Virtual Reality Immersion

The progression of virtual reality hardware has been quite impressive just in the past couple years. With Oculous Rift being the first the really make the push forward with a product that was promising, many others started to jump on the band wagon – from Google to Microsoft to Sony. Probably the furthest along in both the hardware and software front is Magic Leap. With Magic Leap, they’re marrying the two worlds (base reality and virtual reality) into one optic. These progressions have been primarily focused on the visual aspect of virtual reality however there are big strides being made in deeper full body immersion. The two best examples of this are PrioVR and Virtuix. PrioVR allows you to strap in with different sensors on your body in order to interact with the game. As their demo shows, your TV sits as sort of the main stage with you having the ability to hide behind trees to peek out into the main stage. With Virtuix, you actually stand inside of a component that allows you to run around, “physically” interacting with the game versus on a controller. This, paired with the headset immersion, provides a good glimpse into the kind of full body immersion needed in order to satisfy the potential to “work” in a different reality.

This is really just a theory of one potential outcome for virtual reality. As I said before, I believe that if we get to this point that there will really only be a couple companies that end up creating different realities that are so good that they naturally attract people to log into them. Much like people love New York or Los Angeles because of it’s appeal and their personal taste, I think people will have the same affinity with worlds that share their taste for reality.

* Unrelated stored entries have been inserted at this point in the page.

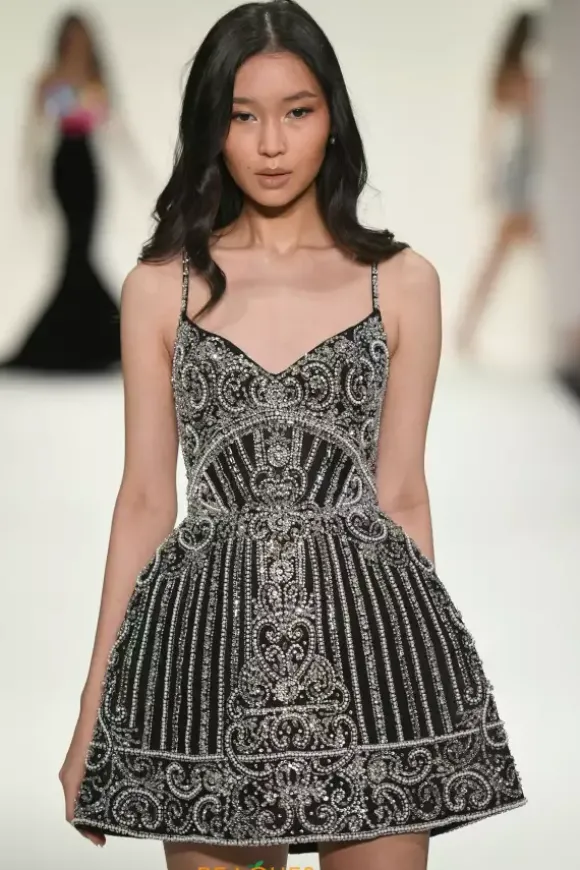 Shimmer and shine from any angle when you wear this extravagant short A line dress by Sherri Hill Short style 57279. Featuring an alluring v neckline that is followed by two straps for support and elegance. The tasteful dazzling beadwork will catch the attention of the light to have you shimmer all night long.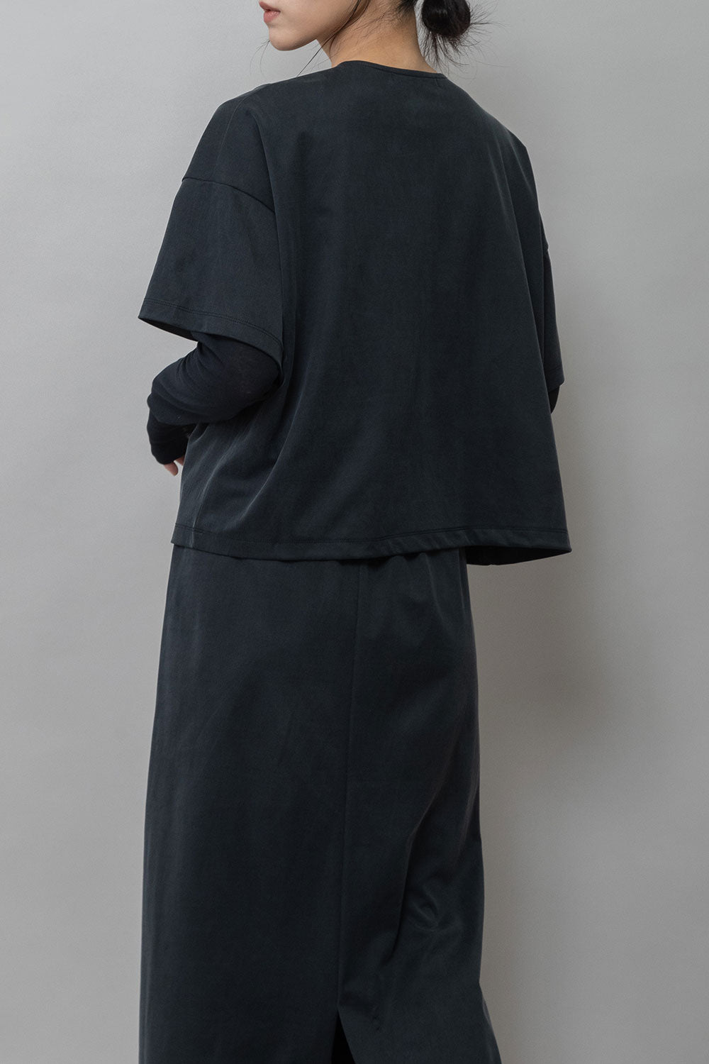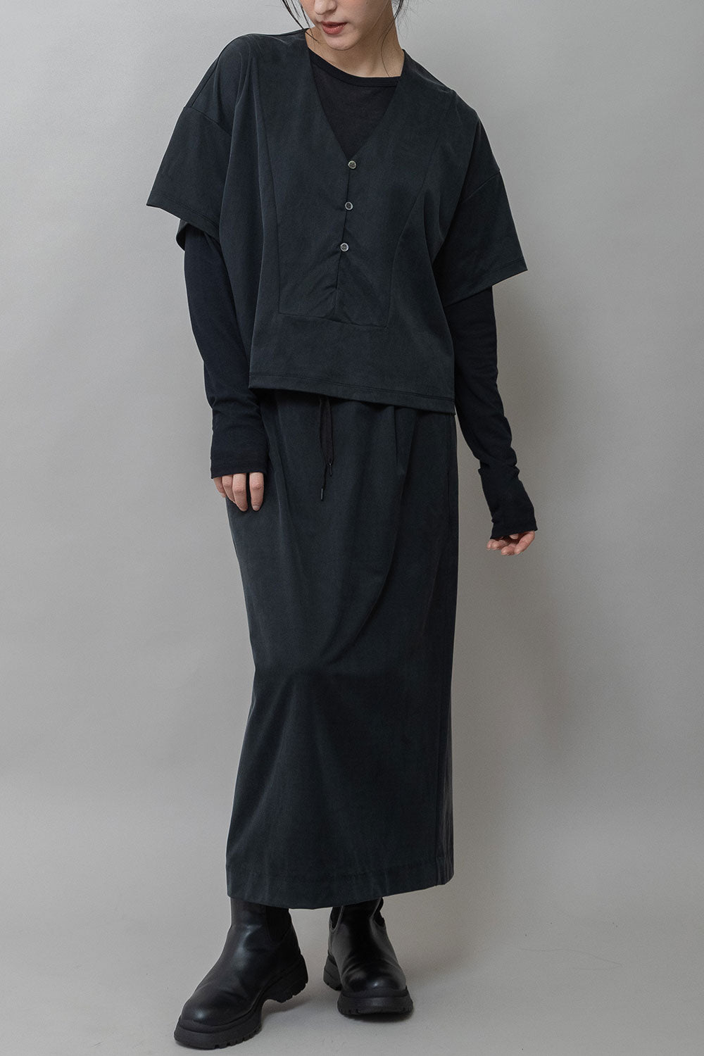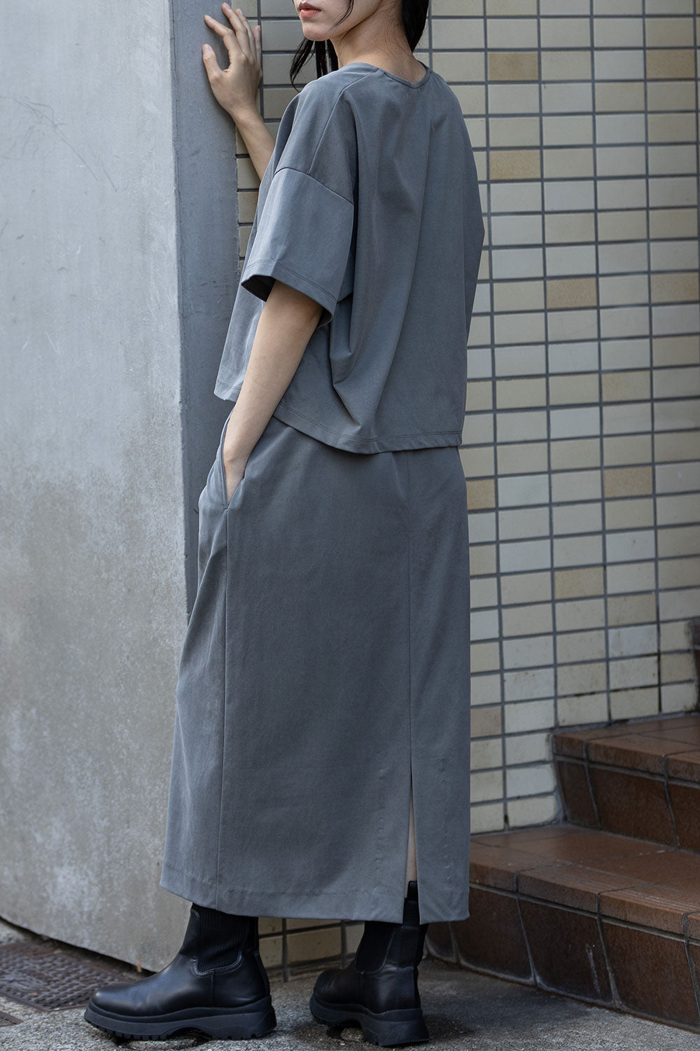 同素材のブランド品番MN261S13のスカートとのセットアップでもバランスよく着られるサイズ感です。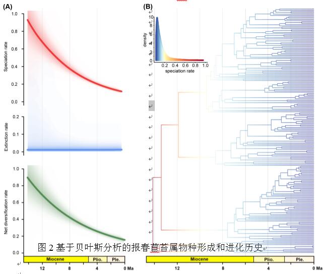 图2 基于贝叶斯分析的报春苣苔属物种形成和进化历史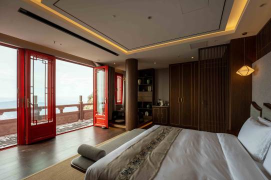 酒店虽贵但完全值得!金顶道观群唯一一家酒店,无论位置、设施还是服务都堪称完美!虽然上山那天下雨没有看到黄昏,但第二天可以直接登玉皇顶去看日出,便捷度绝绝子!酒店硬件设施真的很不错,房间超大也很干净,浴缸淋浴都有,干湿分离很干净,咖啡机、迷你吧饮品齐全,矿泉水也供应充足。房间阳台可以看山看云海,往左远眺就是伏牛峰石碑那个最高点。酒店工作人员也很热情周到,提前会联系,给到管家接送服务和门票预订提示,领路带去房间也很贴心。酒店出门就是山顶的各种店铺,可以买吃的买喝的,非常方便。

To me, I think the really unique concept behind different worlds is that the “makers” of these worlds get to choose the boundaries of the environment (or lack of). Meaning, if we want to change the laws of physics to to allow for things like time warp drives or magic or floating houses, we can. This is especially interesting because it opens up an entirely new way of looking at crafting things. For example, if you look at games like Minecraft, there’s a lot of potential to build economies within the game. The game has it’s own set of rules for crafting different items that require more or less materials, more or less time, and are more or less valuable.

At the end of the day, what I’ve basically been talking about this entire time is really the vision the Wachowski siblings had in their movie “The Matrix” – minus the crazy evil killing machines. Call it crazy or call it far out there. But I actually really start to question it – how far off are we? I don’t envision a world where we’d plug devices into the back of our heads to immerse ourselves. However, I think the concept is definitely interesting and maybe they aren’t that far off from what we’ll be able to experience in the next 30-50 years. With the rate of innovation in virtual reality hardware and software, computing, and video game graphics, is it really that farfetched to think that something like “The Matrix” could happen?

Whose to say we’re not actually in on of many realities? Elon Musk said it best.

Virtual reality is quite transformative. You really feel like you’re there, and then when you come out of it, it feels like reality isn’t real. I think we’ll see less physical movement in the future, as a result of virtual reality stuff, and as the technology improves it becomes, beyond a certain resolution, indistinguishable from reality. There are likely to be millions, maybe billions, of such simulations, so then, what are the odds that we’re actually in base reality? Isn’t it one in billions?

If there’s anything that physics can teach us about reality it’s that if you want to experience it different than your peers, all you need to do is just change your perspective.